Se cumplen 75 años del levantamiento militar que dio lugar al inicio de la guerra civil española. El tiempo transcurrido permite evaluar los acontecimientos en todas sus contradicciones y dilemas. La tarea de la historia consiste precisamente en instalar los matices, percibir variaciones en donde lo que en su momento predominó fueron los antagonismos irreductibles. La historia no está obligada a practicar la tolerancia o el relativismo, su compromiso es con la verdad y es la verdad la que exige contemplar lo real con el abanico del arco iris.

Todavía hoy los historiadores se interrogan sobre lo que pasó en España para que el desenlace fuera la guerra civil. ¿El peligro del comunismo? Para 1936 el comunismo era una opción minoritaria. ¿El peligro del fascismo? Su expresión más visible, la Falange, fundada por Primo de Rivera, obtuvo el 0,50 por ciento de los votos en las elecciones de febrero de ese año. Sin embargo, la lógica de la guerra colocó en el candelero el desenlace fascista o comunista. La derrota del centro político primero y el repliegue de las variantes moderadas de derecha e izquierda, provocó una situación revolucionaria que la derecha franquista zanjó a su favor luego de tres años de guerra civil.

La literatura de izquierda le reprocha a la derecha haberse opuesto a las más tibias reformas económicas y democráticas. Según este punto de vista se trataba de una derecha clerical y anacrónica que recurrió a las armas para defender sus privilegios de casta. La derecha, por su parte, sostiene que fue la izquierda la responsable de haber tensado las contradicciones al límite y haber precipitado la guerra civil como antesala de la revolución social.

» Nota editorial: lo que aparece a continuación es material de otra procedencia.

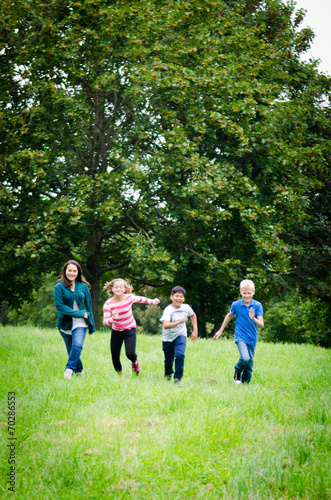 © Racle Fotodesign, Obraz premium freunde rennen gemeinsam durch einen park
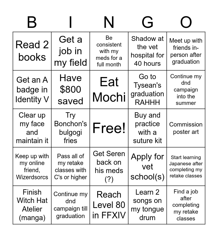 This bingo card has a free space and 24 words: Pass all of my retake classes with C's or higher, Continue my dnd campaign till graduation, Eat Mochi, Finish Witch Hat Atelier (manga), Meet up with friends in-person after graduation, Read 2 books, Get an A badge in Identity V, Get a job in my field, Buy and practice with a suture kit, Get Seren back on his meds (?), Go to Tysean's graduation RAHHH, Clear up my face and maintain it, Apply for vet school(s), Start learning Japanese after completing my retake classes, Have $800 saved, Learn 2 songs on my tongue drum, Commission poster art, Be consistent with my meds for a full month, Continue my dnd campaign into the summer, Try Bonchon's bulgogi fries, Find a job after completing my retake classes, Keep up with my online friend, Wizerdsorcs, Shadow at the vet hospital for 40 hours and Reach Level 80 in FFXIV.
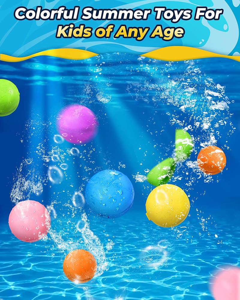 • [Mess-free and summer water fun] No balloon fragments or pollution. The reusable water balloons for the pool are discreet and do not need to be tidy. You just need to pick up the water ball and store it in the mesh bag to use it next time after the water battle outdoors. It is a good gift for 3-12 years old children on birthdays, Christmas, New Year, Children's Day and Thanksgiving.
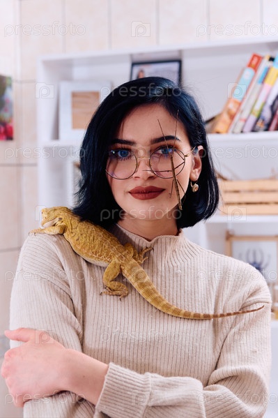 Женщина и ее питомцы: бородатая агама и палочник
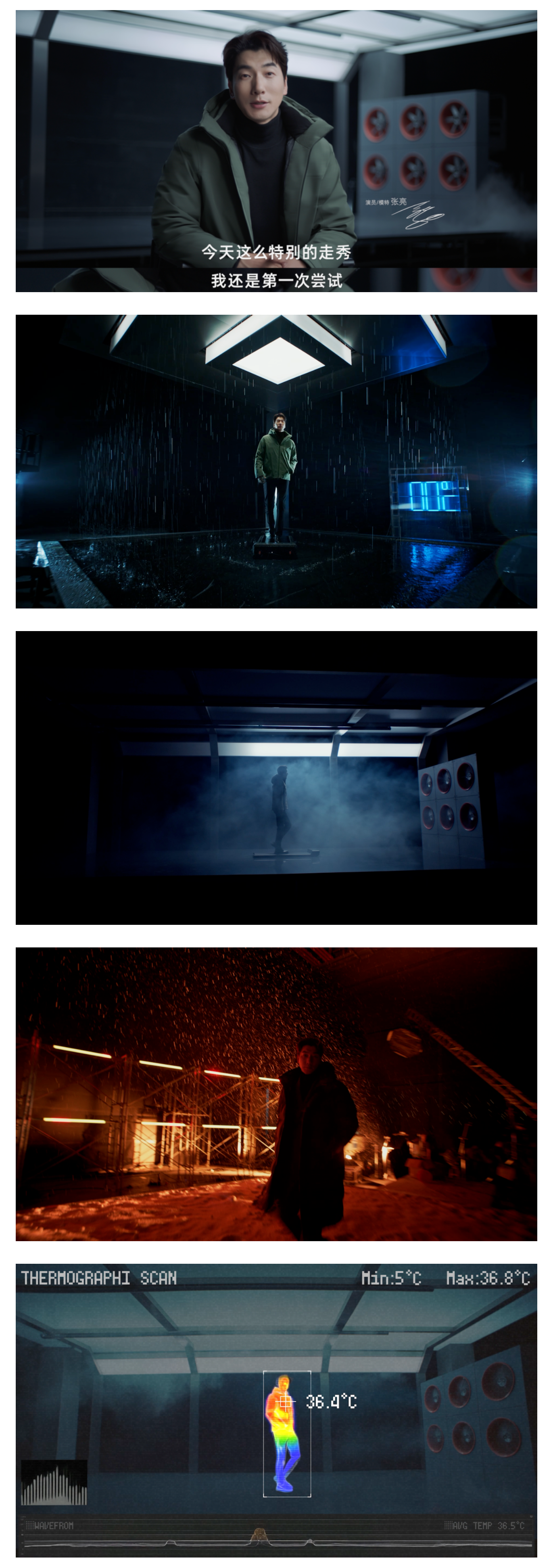 有别于话题型创意,这次我们核心围绕湿冷分级系统,认认真真传递产品专业性能,由此我们设计了一条特别的T台,邀请模特张亮,一起完成这场特别的走秀——通过模拟风雾、雨、雨夹雪等湿冷气候,展示拒水羽绒在不同湿冷等级下的拒水性能。
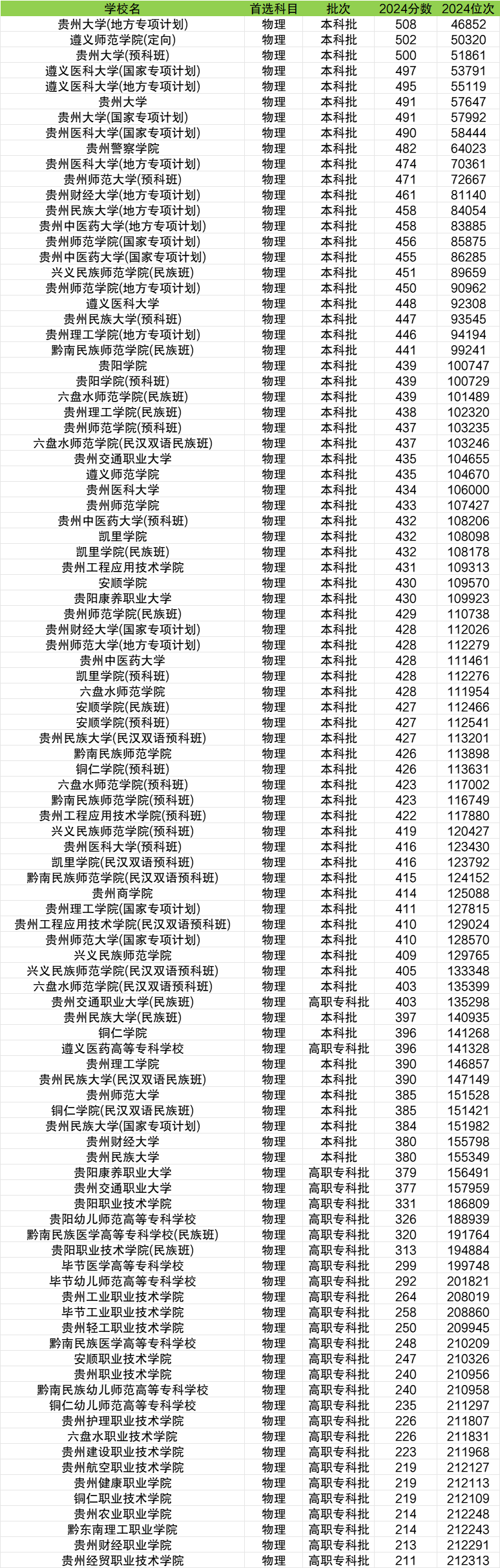 想要知道2025年该填报哪所大学,需要了解往年大学在贵州的最低录取分数线及位次情况,碍于篇幅限制,本文仅收集了2024年贵州省内公办大学招收物理类本科生的最低分数线及位次信息(分数线TOP100专业组)。

Más allá de los inevitables sesgos ideológicos, ambas hipótesis disponen de buenos fundamentos para defender sus posiciones. Sin embargo, en 2011 a mí no me complace del todo esa conclusión. Puedo admitir que la causa republicana encarnó un ideal justo, pero hoy sería necio desconocer que en la derecha también había ideales, coraje y dudas, muchas dudas, acerca del desenlace de una guerra que representaba una regresión a la barbarie en sus versiones más crueles.

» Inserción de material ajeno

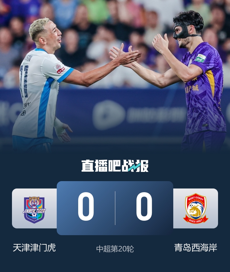 全場(chǎng)比賽結束,天津津門(mén)虎0-0青島西海岸。
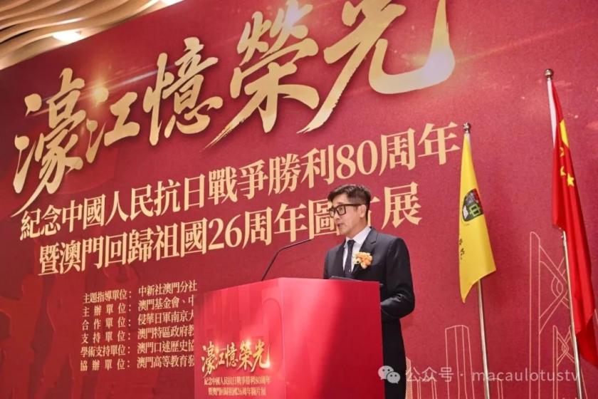 吳志良致辭指出,抗戰時期,澳門同胞與全國人民風雨同舟、休戚與共,通過多種方式,為抗戰勝利作出獨特貢獻。希望社會各界持續講好澳門抗戰歷史故事,照亮人類文明前行道路。
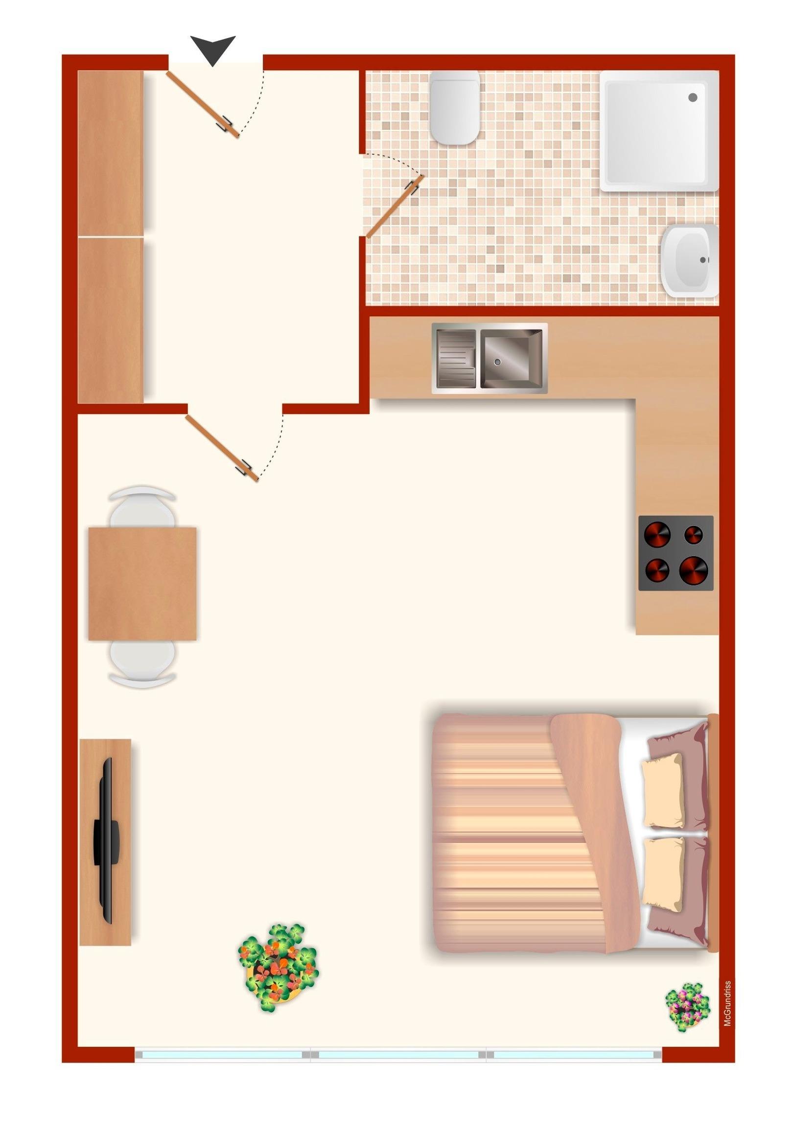 Wohn/Schlafraum: 1 Doppelbett (140x200 cm), Verdunkelung: Plissees
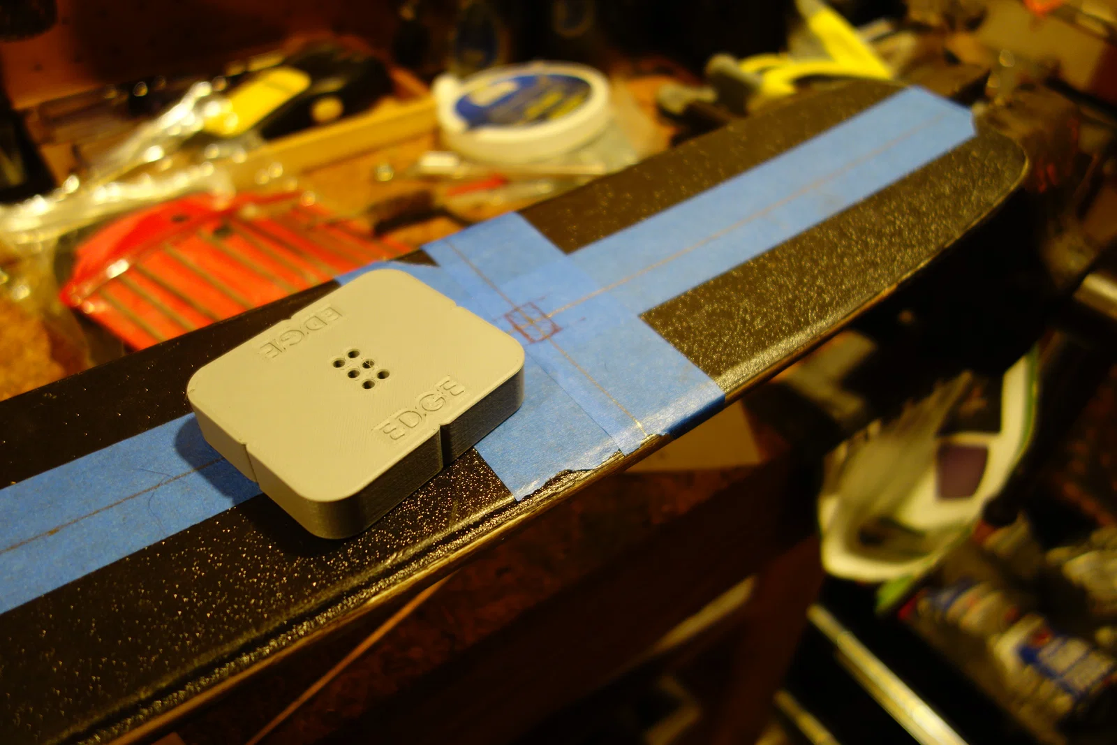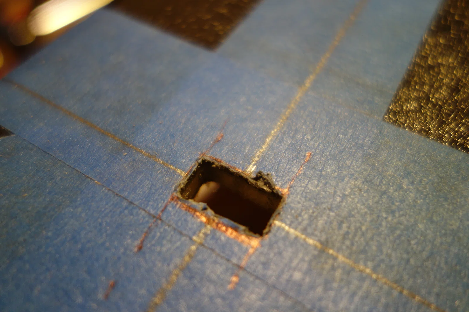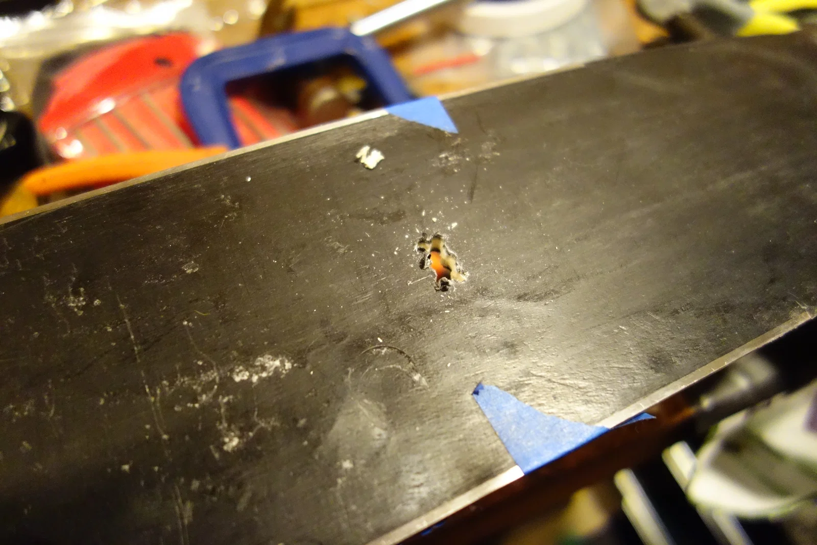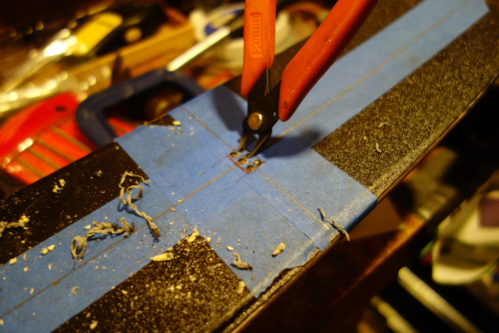 Cái drill jig này nên canh thẳng hàng ở vị trí cách đuôi 86cm (trên bản ván dài 184cm), khoan đủ 6 lỗ, cắt các phần bridge, giũa cho phẳng, trám kín bằng epoxy, xong xuôi.
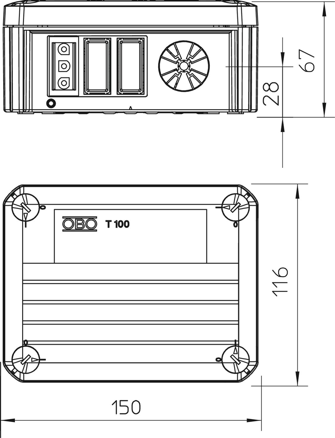Agrupável sim Altura 67 mm Com blindagem não Com tampa sim Comprimento 150 mm Cor cinzento claro; RAL 7035 Dimensão 150x116x67 Dimensões internas 136x102x57 mm Entrada pela parte de trás sim Fixação da tampa aparafusado Forma retangular Funktionsgaranti sem Gama de temperaturas de aplicação máx. 60 °C Gama de temperaturas de aplicação mín. -5 °C Grau de proteção IP20 Largura 116 mm Livre de halogéneos sim Material Polipropileno Montagem Outros Número de entradas 4 para zona Ex com gás sem para zona Ex com poeira sem Para zonas potencialmente explosivas sem Pegada de CO2 (GWP) do berço ao portão 0,6146 kg CO2e / 1 Peça resistência ao fio incandescente conforme a VDE 0471/DIN 695 Parte 2-1, temperatura de ensaio 650 °C Resistente a intempéries não Secção transversal nominal mín. 2,5 mm² Selável sim Tampa não transparente Tampa transparente não Tensão de isolamento do dimensionamento Ui 500 V Tensões nominais 500 V Tipo de entrada Entradas de alívio de tensão para perfuração direta para diâmetros de cabo de 7-21 mm Tipo de versão da caixa Marcação Versão verificada quanto a explosões não - Todos os tipos

Para quien, como en mi caso, pobló los años de su adolescencia y juventud con las canciones republicanas de la guerra civil y los poemas de Pablo Neruda, César Vallejos y Miguel Hernández, decir esto no es sencillo ni es fácil. No estamos obligados a ser leales a nuestros amores juveniles, pero tampoco es justo traicionarlos. Equivocados o no, la causa de los republicanos es sagrada y lo sagrado no se toca y, mucho menos, se interpela en nombre de la razón.

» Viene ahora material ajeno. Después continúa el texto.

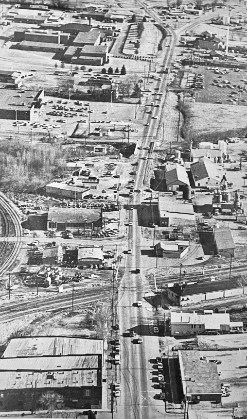 Snow covers the intersection of Second and Main streets around the turn of the century. At left is a building housing a carpet dealer, later the site of…
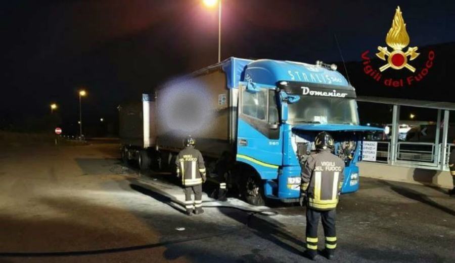 Il mezzo ha preso fuoco in prossimità dell’area di sosta di Pizzo Calabro. E’ stato lo stesso conducente che ha arrestato la marcia del tir e ha chiesto soccorso
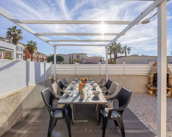 "Rochelongue" es una casa de vacaciones de 3 plantas situada en un tranquilo barrio residencial de Agde, Francia. Con una superficie de 94 m2, la propiedad se encuentra completamente vallada y ofrece privacidad y seguridad durante toda la estancia. A tan solo 300 m del mar, esta casa bien equipada representa un refugio refinado y apacible. Un jardín privado bien mantenido añade encanto natural a los alrededores, proporcionando un espacio exterior sereno para disfrutar.
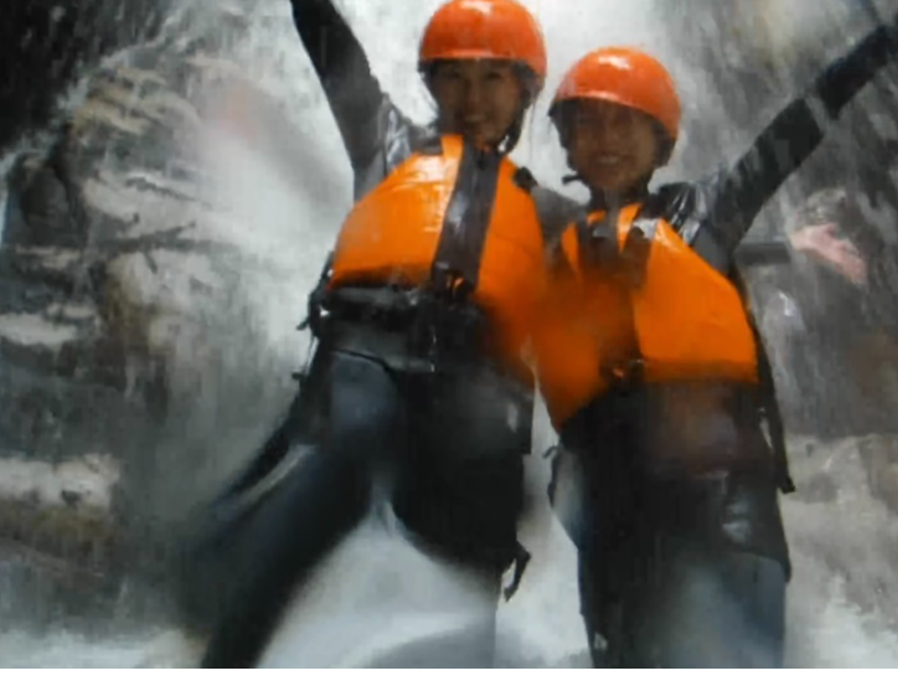 ロープとハーネスで安全を確保し、仲間の声援や助け合いを力に変えて激しく流れる滝に挑みます!

La causa de la República es, además un “sentimiento”, un ideal, un recuerdo trágico pero al mismo tiempo, heroico. ¿Por qué traicionar los amores juveniles en nombre de la razón o el supuesto conocimiento objetivo de la historia? Tengo los años suficientes como para convivir con mis prejuicios; y si la República es eso, lo siento por la objetividad.

Pero sin embargo, no sería del todo leal a mis convicciones si dejara de hacerme algunas preguntas que hoy son indispensables hacer so pena de vivir encerrado en los mitos del pasado. ¿Me contradigo? Por supuesto. No puedo dejar de hacerlo. A las razones del corazón hay que escucharlas, pero no son las únicas. Sartre fue el que más insistió en que hay que aprender a pensar en contra de uno mismo y, me guste o no, lo sucedido en España en aquellos años exige pensar en contra de uno mismo. No quiero renegar de las coplas de la guerra civil, pero tampoco es justo opinar sobre la guerra civil española bajo la exclusiva autoridad de las canciones republicanas.

El 18 de julio de 1936 algunas unidades militares se levantaron en contra del gobierno de la República. Los jefes militares fueron los generales Emilio Mola, Gonzalo Queipo del Llano y Francisco Franco. La sublevación militar fue, más que un golpe de Estado, el inicio de la guerra civil. Hoy hay datos disponibles para pensar que el gobierno de la república era el que contaba con mayores posibilidades de ganar la guerra. Controlaba más territorio, disponían de más tropas y mejores armamentos y los principales jefes militares eran leales. Los datos, en este sentido, son concluyentes: de veintisiete generales en actividad solo siete se sublevaron; la Marina y la Aviación se mantuvieron leales. La república disponía, además, de otro formidable recurso para ganar la guerra: el dinero, el Tesoro de la Nación.

La hipótesis de que los jefes políticos de la república precipitaron la rebelión militar hoy merece ser evaluada. La izquierda republicana liderada por Manuel Azaña y la izquierda revolucionaria estaban interesadas -por razones diferentes- en provocar una rebelión militar para derrotar a la derecha y radicalizar el proceso revolucionario.

Como se recordará, la república se instaló en España en abril de 1931 luego de unas singulares elecciones municipales que produjeron la renuncia del rey Alfonso XIII. Fue un proceso de cambio de signo liberal democrático dirigido por la izquierda y su partido más representativo: el PSOE.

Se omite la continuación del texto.